** Problem to work on **
Among the lines of data below, reproduce only those from the one with "今年7月1日,是偉大的中國共" through the one with "The Broadband Link", exactly as they stand, both ends included.

** Records supplied **
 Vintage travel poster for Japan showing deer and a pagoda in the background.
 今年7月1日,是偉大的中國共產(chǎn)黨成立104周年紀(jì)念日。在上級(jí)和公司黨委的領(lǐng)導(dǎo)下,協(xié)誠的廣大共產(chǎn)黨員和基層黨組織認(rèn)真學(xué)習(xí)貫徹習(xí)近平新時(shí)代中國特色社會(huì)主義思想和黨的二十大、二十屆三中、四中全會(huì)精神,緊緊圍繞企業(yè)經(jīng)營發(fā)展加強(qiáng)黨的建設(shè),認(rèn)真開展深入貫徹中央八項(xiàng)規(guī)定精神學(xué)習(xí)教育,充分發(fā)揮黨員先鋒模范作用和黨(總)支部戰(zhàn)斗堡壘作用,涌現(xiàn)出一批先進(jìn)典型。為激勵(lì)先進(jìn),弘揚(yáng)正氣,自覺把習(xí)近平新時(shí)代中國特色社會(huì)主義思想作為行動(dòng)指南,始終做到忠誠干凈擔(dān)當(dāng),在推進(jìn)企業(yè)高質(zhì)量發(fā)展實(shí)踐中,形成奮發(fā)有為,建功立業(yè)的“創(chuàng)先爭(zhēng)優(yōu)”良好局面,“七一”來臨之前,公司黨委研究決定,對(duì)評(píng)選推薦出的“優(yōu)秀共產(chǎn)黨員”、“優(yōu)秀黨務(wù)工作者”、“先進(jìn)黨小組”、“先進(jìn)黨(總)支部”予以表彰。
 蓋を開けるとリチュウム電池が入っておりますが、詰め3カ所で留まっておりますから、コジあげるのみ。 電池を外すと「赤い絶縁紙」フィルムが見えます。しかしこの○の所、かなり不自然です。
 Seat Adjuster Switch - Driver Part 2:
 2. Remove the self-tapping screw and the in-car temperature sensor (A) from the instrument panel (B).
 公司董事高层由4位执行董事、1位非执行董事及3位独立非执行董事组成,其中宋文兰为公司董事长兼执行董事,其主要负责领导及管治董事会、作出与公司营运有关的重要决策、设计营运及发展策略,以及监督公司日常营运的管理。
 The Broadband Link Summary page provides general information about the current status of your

==

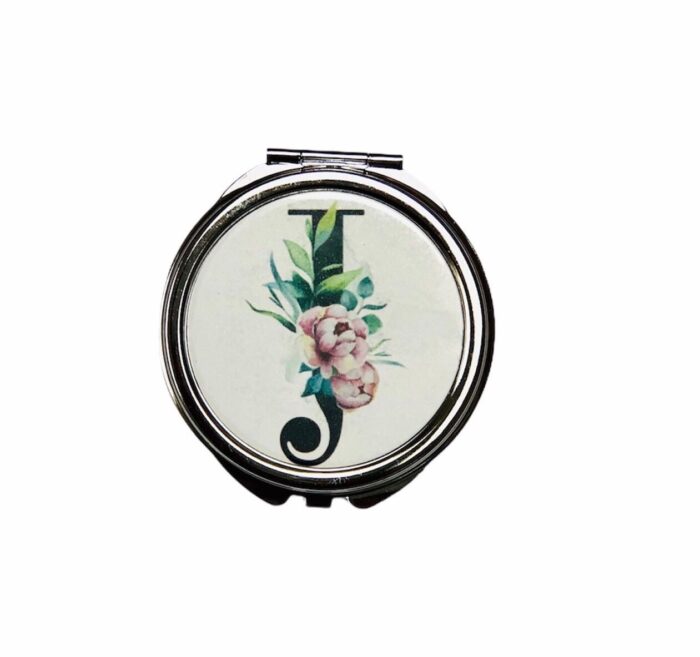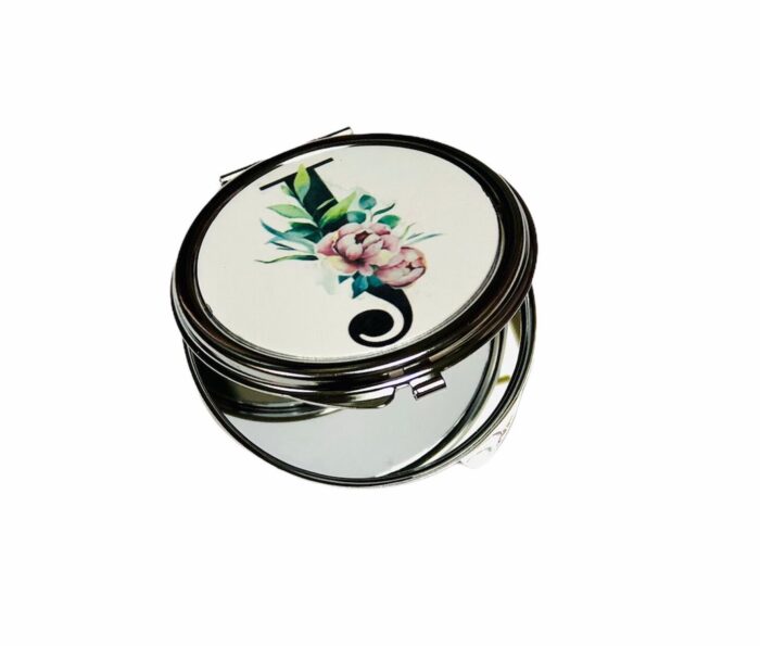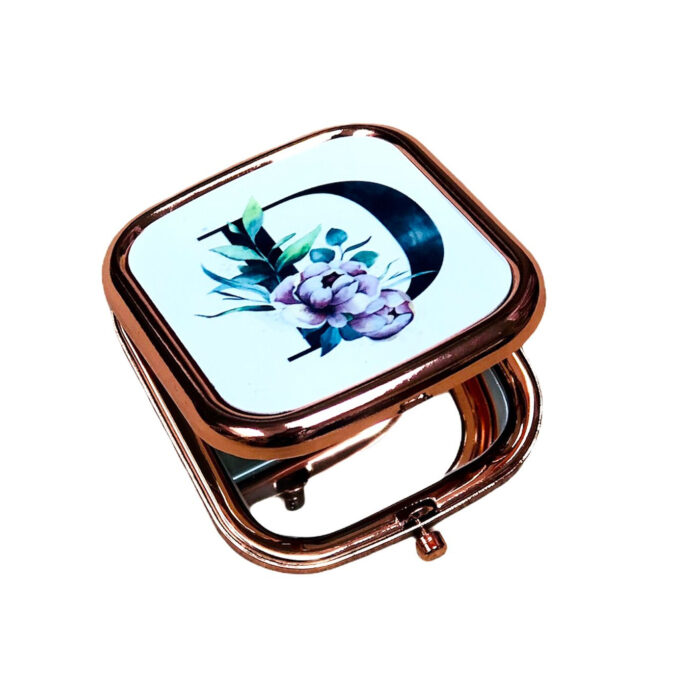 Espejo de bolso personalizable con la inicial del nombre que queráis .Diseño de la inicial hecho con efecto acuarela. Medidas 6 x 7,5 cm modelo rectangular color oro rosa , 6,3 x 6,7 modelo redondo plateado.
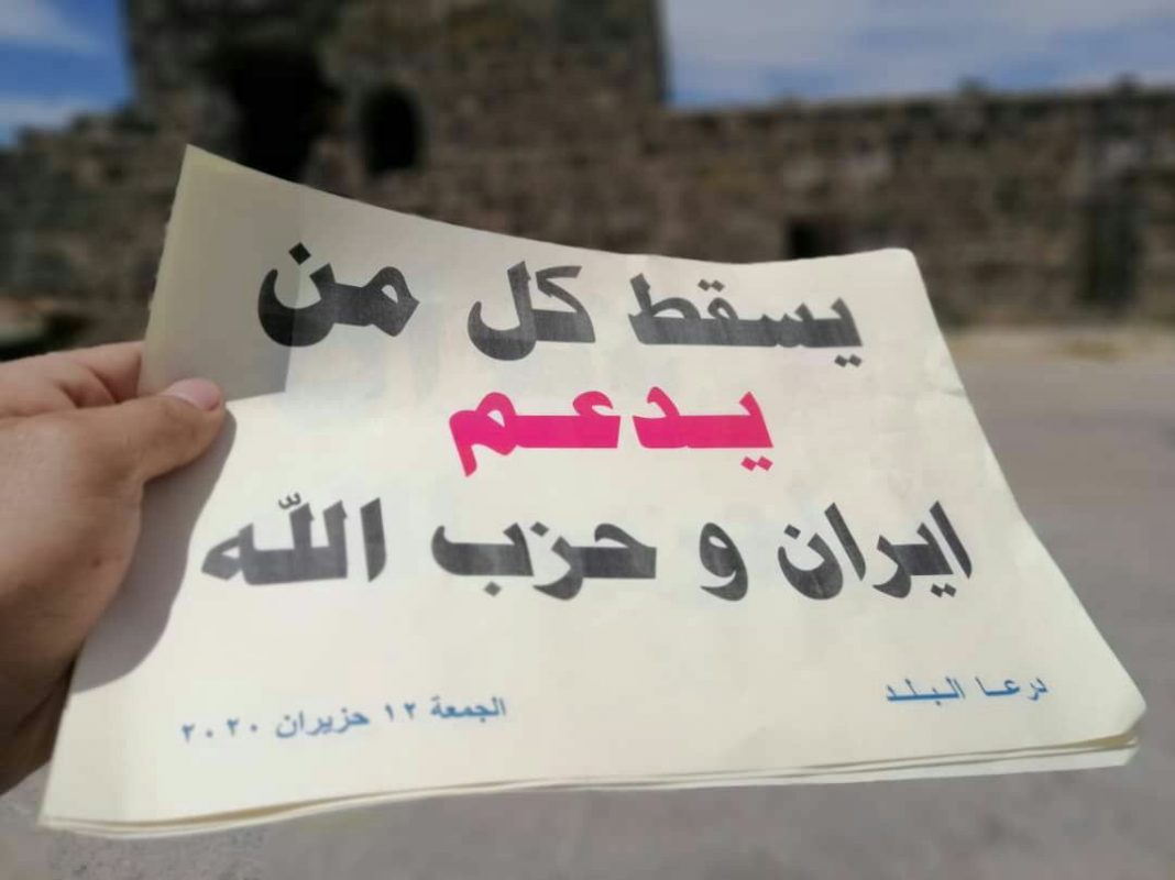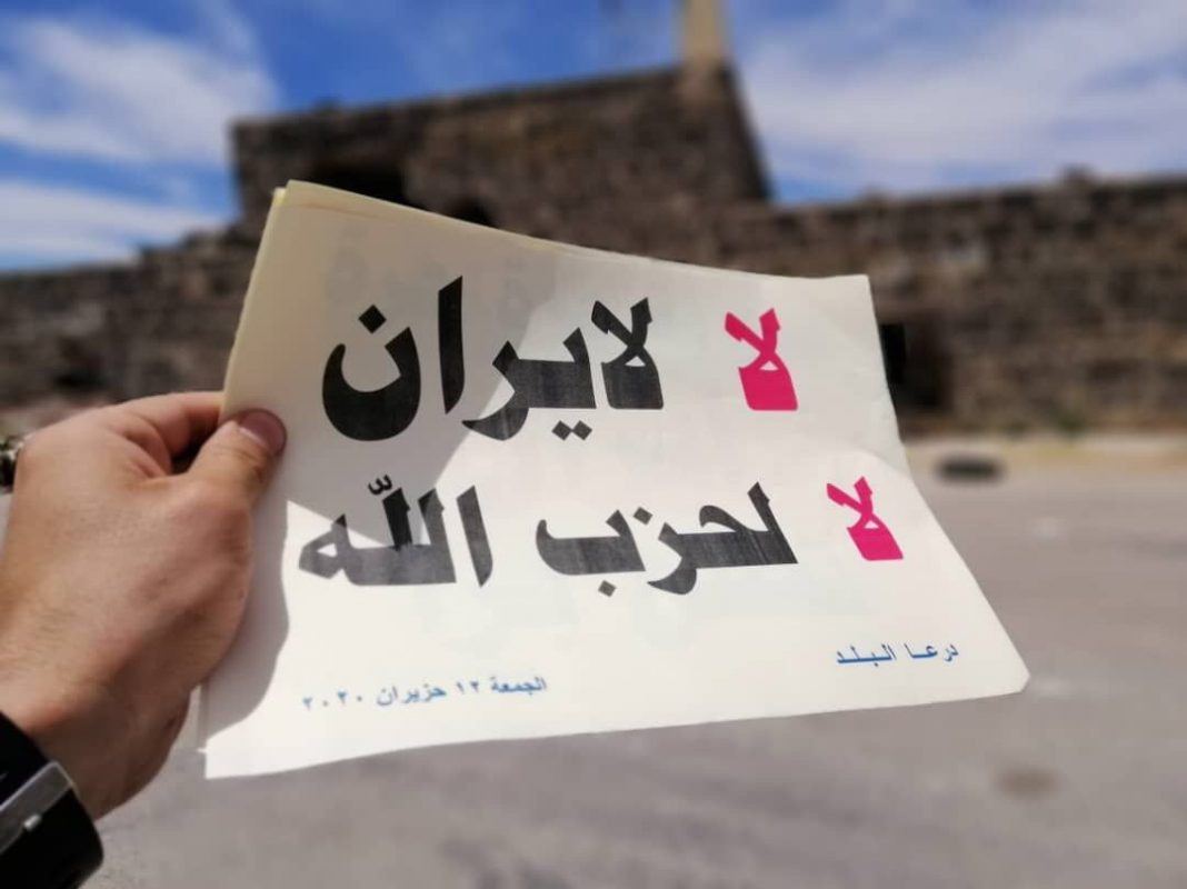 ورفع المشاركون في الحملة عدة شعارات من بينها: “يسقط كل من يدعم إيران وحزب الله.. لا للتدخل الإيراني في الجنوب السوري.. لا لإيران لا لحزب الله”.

* * *

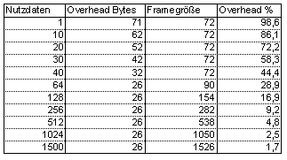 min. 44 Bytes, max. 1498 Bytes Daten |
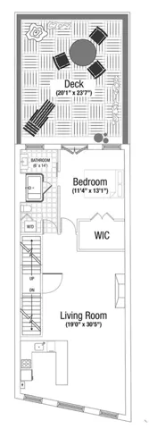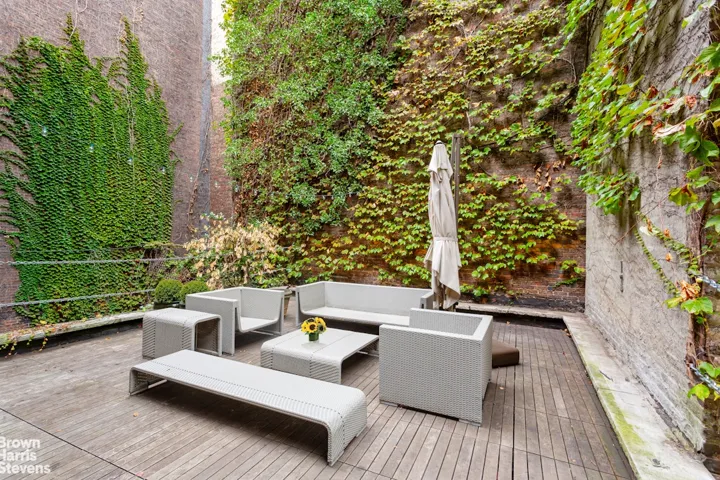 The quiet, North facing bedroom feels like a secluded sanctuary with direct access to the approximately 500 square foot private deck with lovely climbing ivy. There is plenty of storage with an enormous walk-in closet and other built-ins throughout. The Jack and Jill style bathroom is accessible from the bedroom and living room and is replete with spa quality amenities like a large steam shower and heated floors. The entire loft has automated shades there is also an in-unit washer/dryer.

** Solution to the problem **
 今年7月1日,是偉大的中國共產(chǎn)黨成立104周年紀(jì)念日。在上級(jí)和公司黨委的領(lǐng)導(dǎo)下,協(xié)誠的廣大共產(chǎn)黨員和基層黨組織認(rèn)真學(xué)習(xí)貫徹習(xí)近平新時(shí)代中國特色社會(huì)主義思想和黨的二十大、二十屆三中、四中全會(huì)精神,緊緊圍繞企業(yè)經(jīng)營發(fā)展加強(qiáng)黨的建設(shè),認(rèn)真開展深入貫徹中央八項(xiàng)規(guī)定精神學(xué)習(xí)教育,充分發(fā)揮黨員先鋒模范作用和黨(總)支部戰(zhàn)斗堡壘作用,涌現(xiàn)出一批先進(jìn)典型。為激勵(lì)先進(jìn),弘揚(yáng)正氣,自覺把習(xí)近平新時(shí)代中國特色社會(huì)主義思想作為行動(dòng)指南,始終做到忠誠干凈擔(dān)當(dāng),在推進(jìn)企業(yè)高質(zhì)量發(fā)展實(shí)踐中,形成奮發(fā)有為,建功立業(yè)的“創(chuàng)先爭(zhēng)優(yōu)”良好局面,“七一”來臨之前,公司黨委研究決定,對(duì)評(píng)選推薦出的“優(yōu)秀共產(chǎn)黨員”、“優(yōu)秀黨務(wù)工作者”、“先進(jìn)黨小組”、“先進(jìn)黨(總)支部”予以表彰。
 蓋を開けるとリチュウム電池が入っておりますが、詰め3カ所で留まっておりますから、コジあげるのみ。 電池を外すと「赤い絶縁紙」フィルムが見えます。しかしこの○の所、かなり不自然です。
 Seat Adjuster Switch - Driver Part 2:
 2. Remove the self-tapping screw and the in-car temperature sensor (A) from the instrument panel (B).
 公司董事高层由4位执行董事、1位非执行董事及3位独立非执行董事组成,其中宋文兰为公司董事长兼执行董事,其主要负责领导及管治董事会、作出与公司营运有关的重要决策、设计营运及发展策略,以及监督公司日常营运的管理。
 The Broadband Link Summary page provides general information about the current status of your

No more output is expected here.